Opinion: Aviation Needs A Faster Path To Lower Carbon Emissions
The commercial aviation industry is responsible for around 2.1% of total carbon dioxide emissions and 12% of those from transport overall. In 2009, the air transport sector committed to cutting carbon emissions on a global scale to half of 2005 levels by 2050. And a mere month ago, International Civil Aviation Organization (ICAO) member states adopted a long-term global aspirational goal of net-zero carbon emissions by 2050.
In the long run, the industry is betting on sustainable aviation fuel (SAF), which is chemically very similar to traditional jet fuel but made from biological materials. However, without some technological game changers, SAF’s availability and affordability on a large scale will limit its adoption.
SAF currently accounts for only 0.1% of global aviation fuel demand and costs 2-5 times more than conventional jet fuel. While recent experiments have shown that aircraft can safely fly with 100% SAF, it is currently deployed as a drop-in fuel up to a 50% blend and will continue to be blended with traditional jet fuels for decades to come.
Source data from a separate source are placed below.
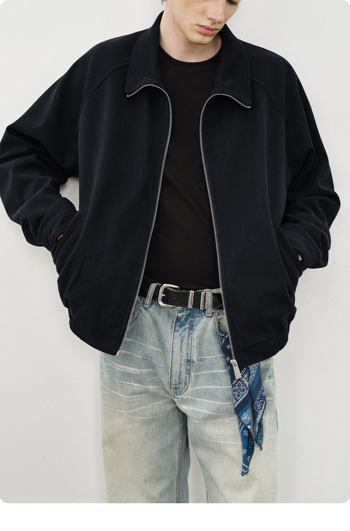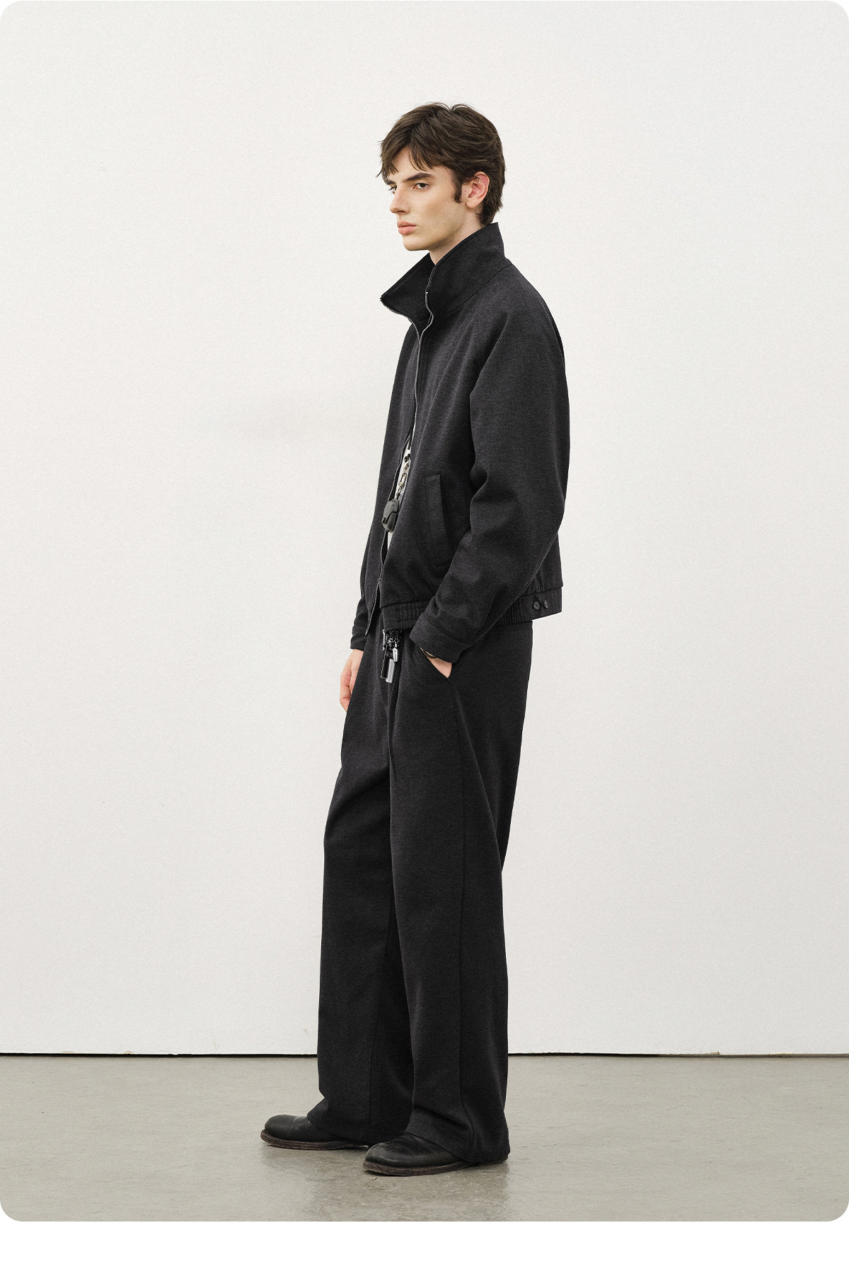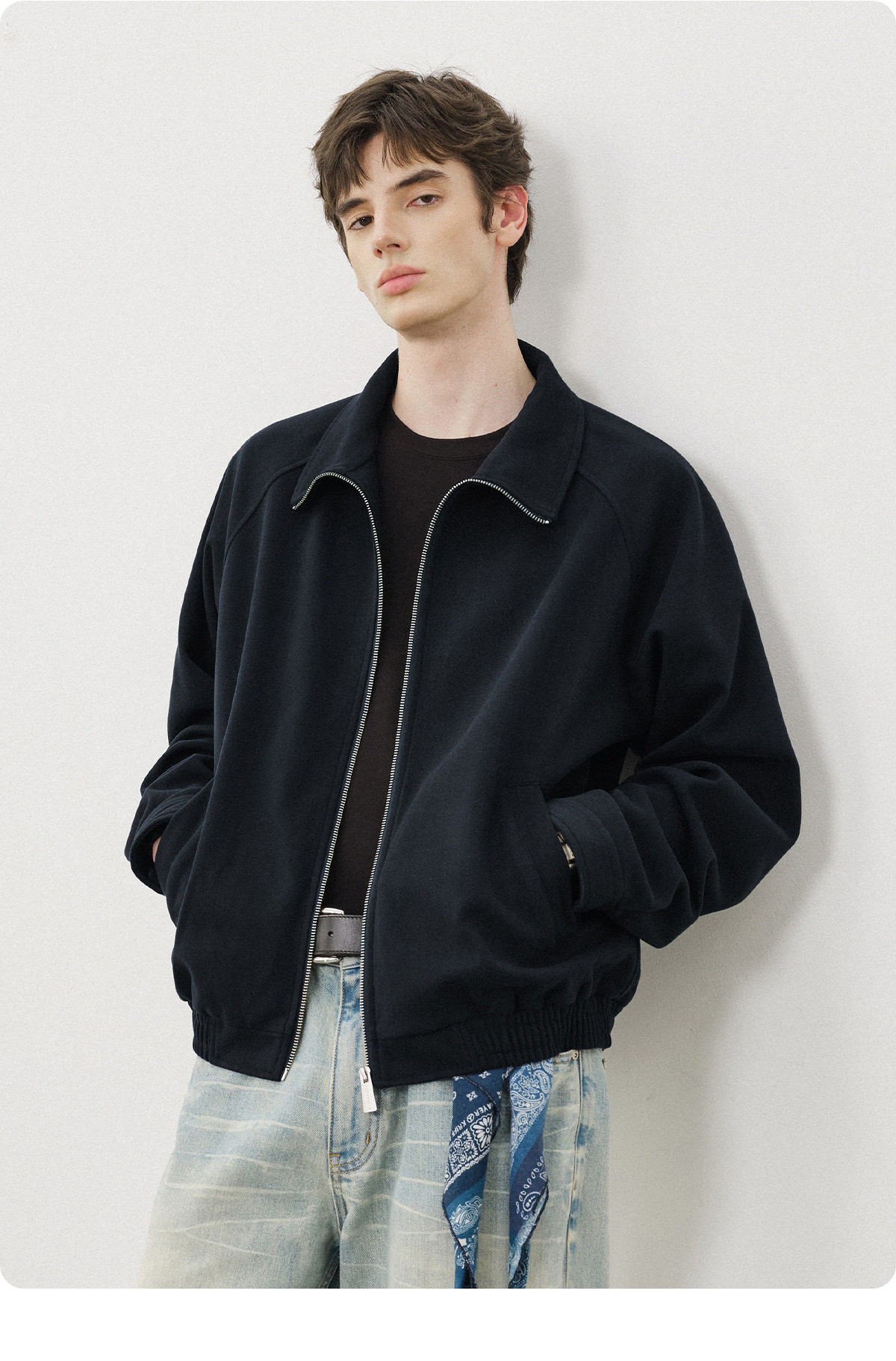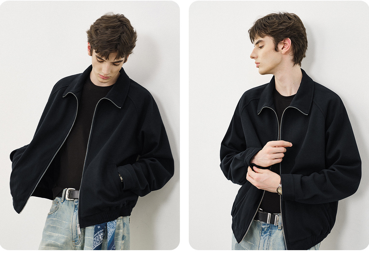 714street仿羊绒毛呢立领夹克男秋冬新款卫衣外套老钱风穿搭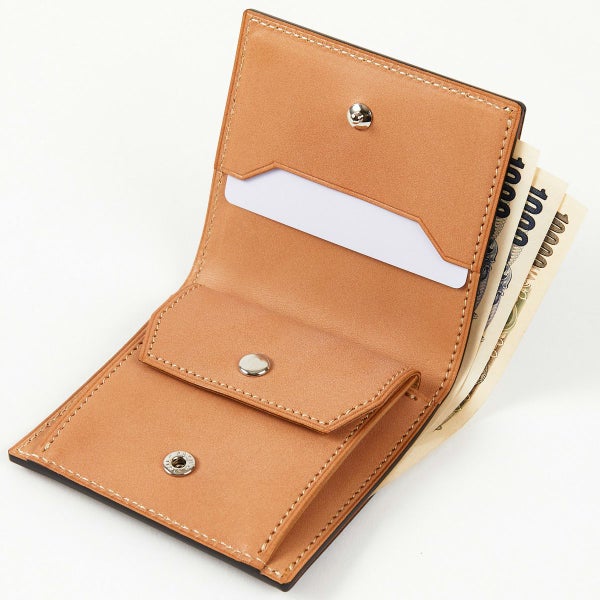 | 機能 | 札入れx1、カード入れx1、小銭入れx1、ポケットx1を装備。カード入れにはクレジットカードや交通系ICカードなどを3枚収納可能。小銭入れ裏にもカードを入れられるスペースを備えています。 |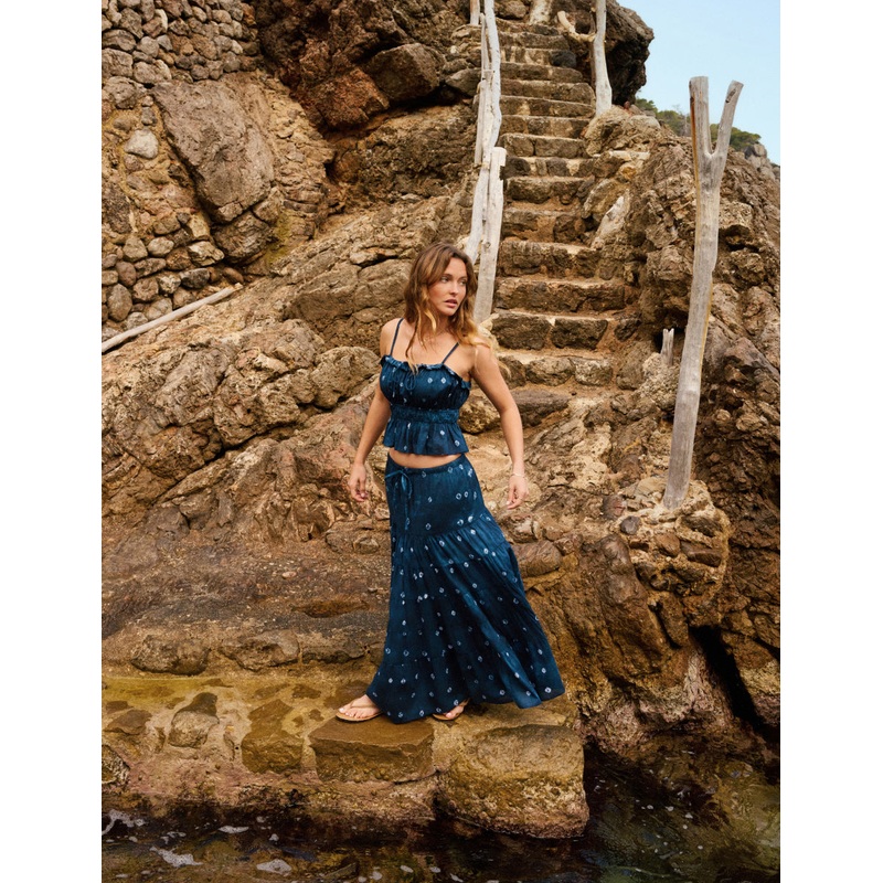 Hand-dyed using shibori techniques, this skirt is truly one of a kind. With an elasticated waist, full tiers and deep navy tie-dye, this skirt pairs perfectly with the matching top. High waisted cut A-line skirt that skims the body Size tip: we recommend y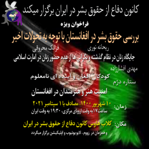 Menschenrechtsumfrage in Afghanistan Reyhaneh Noori und Faranak Mahrooghi :Der rechtliche Status von Frauen in Afghanistans vergangenem System und Bedenken über die Abwesenheit von Frauen in der neuen islamischen Regierung Mehdi Afsharzadeh :Afghanische Kinder und eine ungewisse Zukunft Setare Dezhm :Sicherheit von Kunst und Künstlern in Afghanistan Findet am 01.Sep.21 um 17:00 Uhr statt Tagungsort …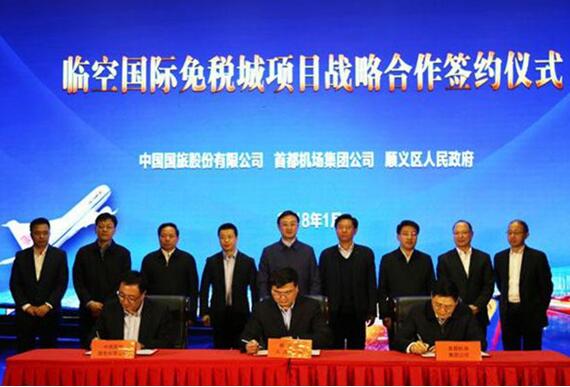 1月12日,中国国旅股份有限公司、首都机场集团、顺义区三方在京举行临空国际免税城项目战略合作框架协议签约仪式。中国旅游集团副总经理、国旅股份公司董事长李刚,首都机场集团公司总经理、党委副书记刘雪松,北京市顺义区委书记王刚出席签约仪式,国旅股份公司总经理彭辉、首都机场集团党委书记、副总经理宋胜利与顺义区区委常委、副区长初军威代表三方在协议上签字。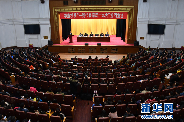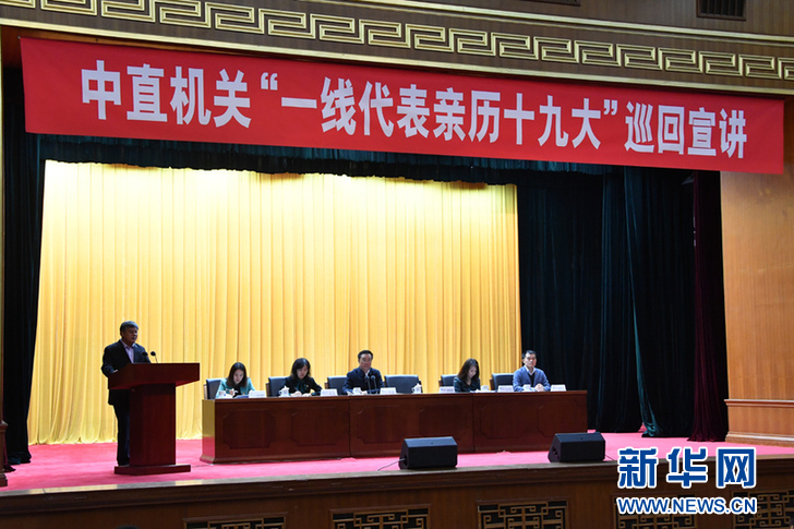 中直機(jī)關(guān)“一線代表親歷十九大”巡回宣講第三場(chǎng)報(bào)告會(huì)現(xiàn)場(chǎng)。新華社記者 徐速繪 攝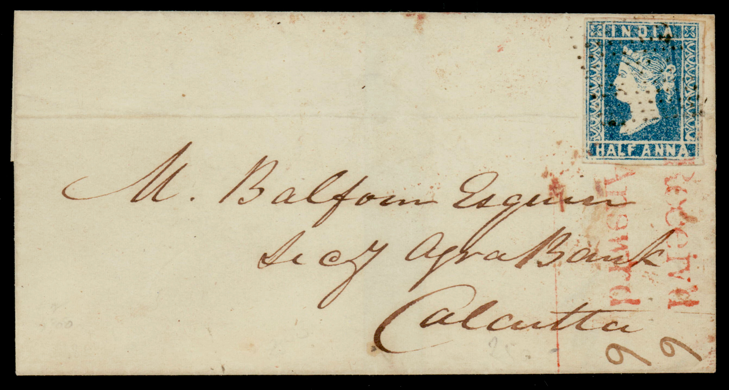 folded letter from Agra to Calcuta f.w. ½a deep blue, die I, imperf, tied by "1" type 5 of Agra. SG 4 (Image) (Imageb)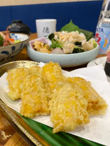 今日嘅飞机货是象拔蚌, 乍听还在担心2人吃不完, 姐姐介绍呢款三河湾象拔蚌体形较细, 2个人都食得哂。 象拔蚌上枱已分一边刺身, 一边火炙。刺身起哂刀花, 靓得黎又爽脆 新鲜火炙部份是象拔蚌头, 有d 似润。 都几得意。 原来2食仲有一碟天妇罗炸胆😂 将象拔蚌嘅胆做成天妇罗,外表脆脆,入面有鱼腐的感觉, 又几得意㖞。 唔使300蚊食到飞机货,仲要有2食(3种食法) 真心抵食。食天妇罗的话,一定要试试呢个天妇罗粟米粟米好甜, 粉浆唔厚, 大人小朋友都会钟意。鱼生刺身丼呢个系定食黎,包左丼饭, 汤, 前菜同甜品盖系饭上面的鱼生有带子,三文鱼,油甘鱼和生虾和大量鱼籽,肥美肉厚鲜甜,好似用鱼生埋成了一座小山,多到连d饭都睇唔到呀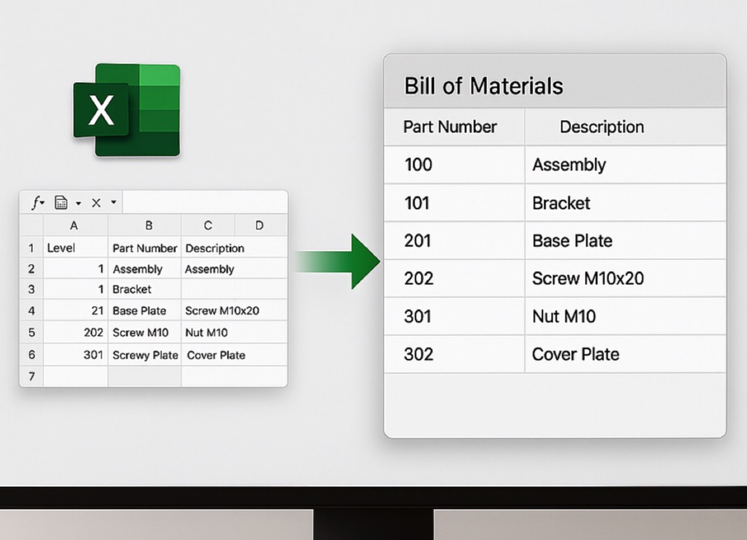 The entire process runs locally within FileMaker, without the need for external tools. The user simply exports the BOM from their CAD software, opens FileMaker, and imports the Excel file with a single step — everything else is handled automatically by the system.
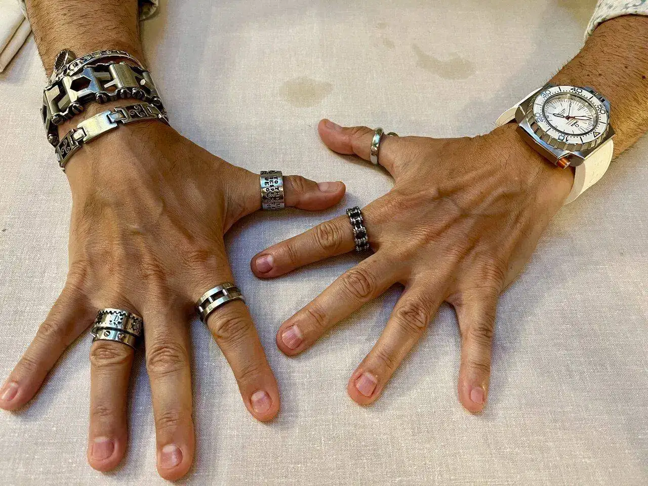 Si yo llevara anillos serían de acero; muy originales. Y esos brazaletes de herramientas molan un huevo.El reloj siempre está solo, aislado… ahora bien, el resto ya tal… 😜🤟🏼
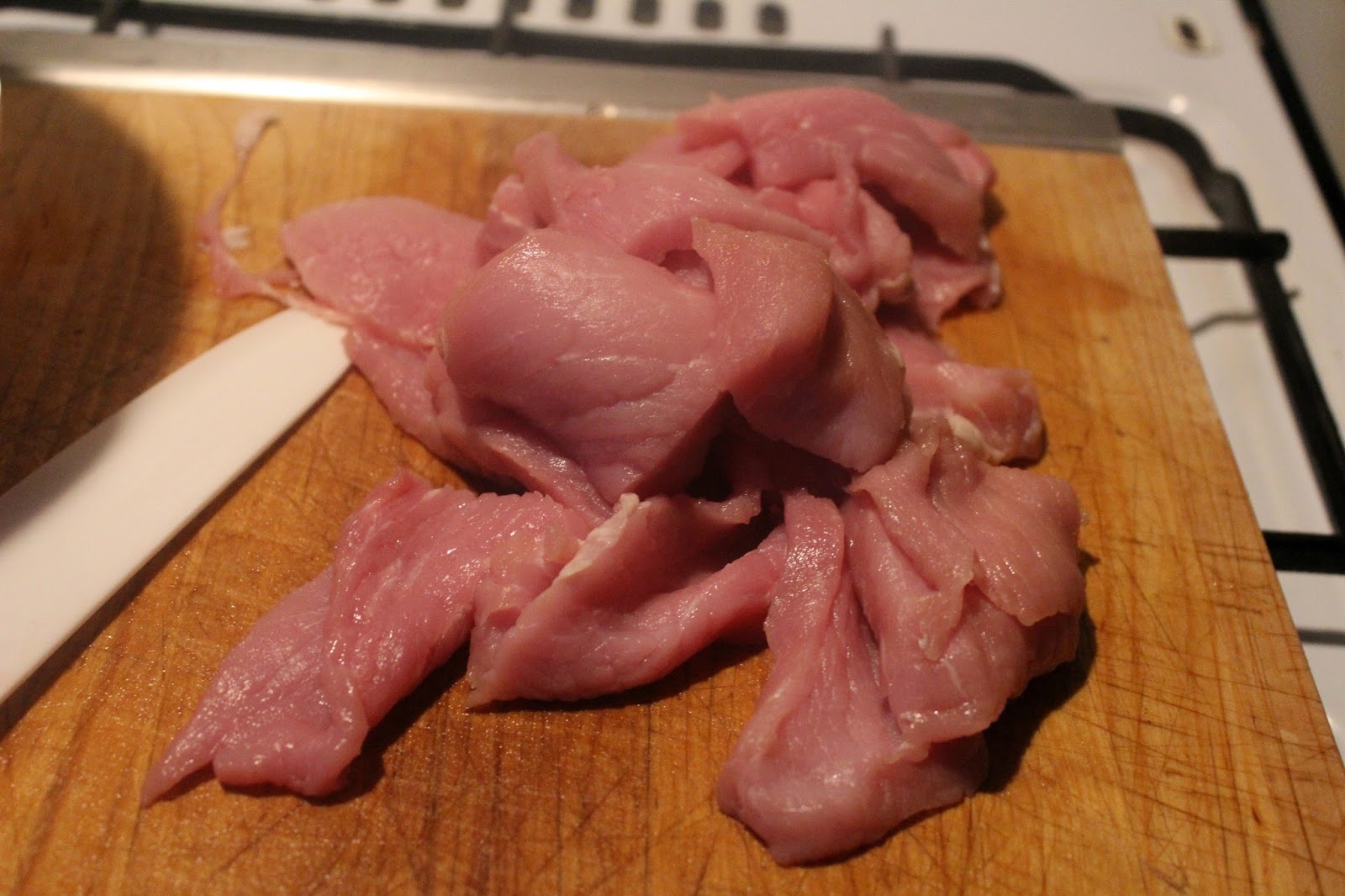 Fleisch in dünne Scheiben schneiden.

Aviation needs a faster way to cut its carbon footprint.
Here is the opportunity for low-carbon aviation fuel (LCAF). LCAF does not require any changes to current handling or fueling procedures or adaptation of aircraft engines. It is the same as conventional jet fuel, but its life-cycle carbon footprint is 10% or more lower.
LCAF appears to be an ideal transitional fuel until more revolutionary solutions can enter the market and scale up. The air transport industry recognizes this fact. LCAF is now proceeding through ICAO approvals, with the final decision on LCAF’s sustainability criteria to be made during the 227th Session of the ICAO Council in late November.
The criteria for LCAF acknowledge that not all crude oils are equal. Those that are high in sulfur or whose associated byproduct of natural gas is burned off rather than used productively are more carbon-intensive to extract and refine.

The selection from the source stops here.